Coal cargo may decline further after a 16 per cent drop in volume last year, he added. “None of us are banking on coal as part of our future.”
In the long term, shippers and ports hope to see critical minerals make up a growing chunk of bulk freight to feed the fast-growing market for electric cars.
“There’s an abundance of critical materials needed for battery and electric vehicle production in Canada, and many of these will be transferred from mine sites and facilities by the marine mode,” Bowles told industry representatives in a speech at the St. Lambert Lock across the St. Lawrence River from Montreal.
The timeline is hazy, however.
Canada remains “in the early throes” of lithium and rare earth metals development for electric car batteries — minerals Bowles sees playing a crucial role in establishing the seaway as a “green corridor.”
“We don’t have it really well evaluated yet,” he said in an interview.

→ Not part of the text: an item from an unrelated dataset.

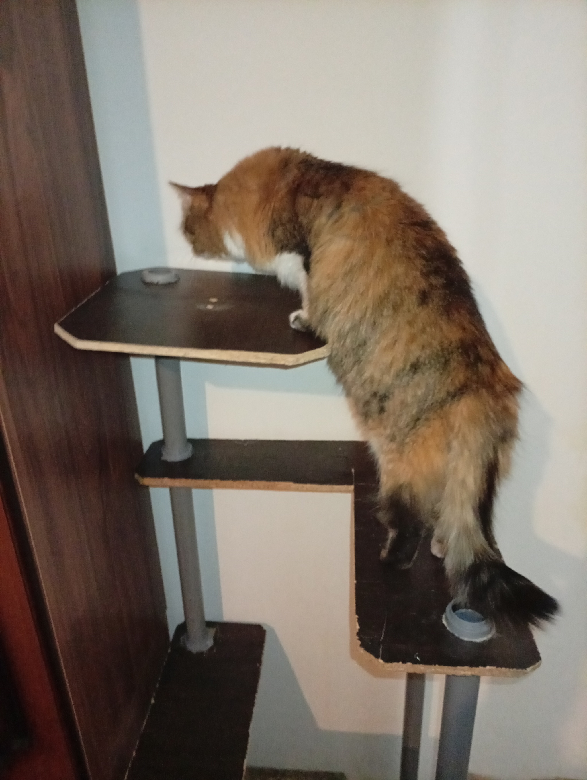 Так же имелись остатки всякого после ремонта. Потому, было принято решение построить кошке стенку для лазания и прочих прыгов.
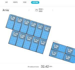 (As of June 2022, electricity from the grid costs around $.26/kwh; the array conservatively produces 5 MWH each year. The pic is from the monitoring software, which I rarely check.)

The “big challenge for Canada” remains getting hydraulic mining shovels in the ground.
The country has deposits of most of the 31 critical minerals listed in a strategy laid out by Natural Resources Minister Jonathan Wilkinson in December, but the government aims initially to focus on the six with the greatest potential for growth.
Those include lithium, graphite, nickel, cobalt, copper and the group of 17 metals and minerals known as rare earth elements.
There are already significant mining operations in nickel, copper and cobalt, as well as smaller graphite operations.
Canada is not a commercial producer of rare earth elements, though it does have some of the largest-known deposits. The Tanco mine in Manitoba is the only lithium mine operating now, but at least one more is on tap to reopen in Quebec this year.
The strategy and the $3.8 billion investments in last year’s federal budget aim to encourage new exploration, expedite regulatory and environmental reviews, build infrastructure to support discovery of new deposits and build equity partnerships with Indigenous people.
Less than a week before the federal government unveils its new budget — and on the eve of U.S. President Joe Biden’s visit to Canada — the Chamber of Marine Commerce also called on Ottawa to follow America’s lead on major funding for transport infrastructure.
The massive U.S. Inflation Reduction Act targeting climate change includes US$3 billion to reduce air pollution at ports by installing zero-emission equipment. Separately, the U.S. Department of Transportation has earmarked US$662 million for port infrastructure development this year.
“You see the Americans jumping ahead of the Canadians,” Burrows said. “Where’s Canada? We really are missing in action.”